We are given that the altitude of the triangle is increasing at a rate of 1.500 centimeters/minute and the area of the triangle is increasing at a rate of 2.000 square centimeters/minute.

Let $A$ be the area of the triangle and $h$ be the altitude of the triangle. Let $B$ be the base of the triangle.

We are asked to find $\frac{dB}{dt}$ when $h = 10.000$ centimeters and $A = 98.000$ square centimeters.

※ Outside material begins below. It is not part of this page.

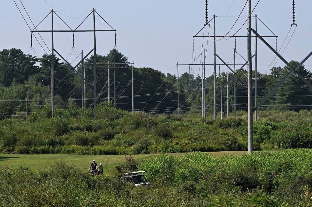 Central Maine Power workers make their way along a trail under transmission lines Aug. 13. (Shawn Patrick Ouellette/Staff Photographer)

We know that the area of a triangle is given by the formula $A = \frac{1}{2} \times B \times h$. Taking the derivative of both sides with respect to time, we obtain:

$$\frac{dA}{dt} = \frac{1}{2} \times \left(\frac{dB}{dt} \times h + B \times \frac{dh}{dt}\right)$$

Substituting the given values, we have:

$$2 = \frac{1}{2} \times \left(\frac{dB}{dt} \times 10.000 + B \times 1.500\right)$$

Simplifying the equation, we get:

$$4 = \frac{dB}{dt} \times 10.000 + B \times 1.500$$

Rearranging the equation, we find:

$$\frac{dB}{dt} \times 10.000 = 4 - B \times 1.500$$

Substituting $B = \frac{2A}{h}$, we have:

$$\frac{dB}{dt} \times 10.000 = 4 - \frac{2A}{h} \times 1.500$$

Substituting $h = 10.000$ and $A = 98.000$, we get:

$$\frac{dB}{dt} \times 10.000 = 4 - \frac{2 \times 98.000}{10.000} \times 1.500$$

Simplifying the equation, we find:

$$\frac{dB}{dt} \times 10.000 = 4 - 2 \times 9.800 \times 1.500$$

$$\frac{dB}{dt} \times 10.000 = 4 - 29.400$$

$$\frac{dB}{dt} \times 10.000 = -25.400$$

Dividing both sides by 10.000, we obtain:

$$\frac{dB}{dt} = -2.540$$

Therefore, the base of the triangle is changing at a rate of $-2.540$ centimeters/minute when the altitude is $10.000$ centimeters and the area is $98.000$ square centimeters.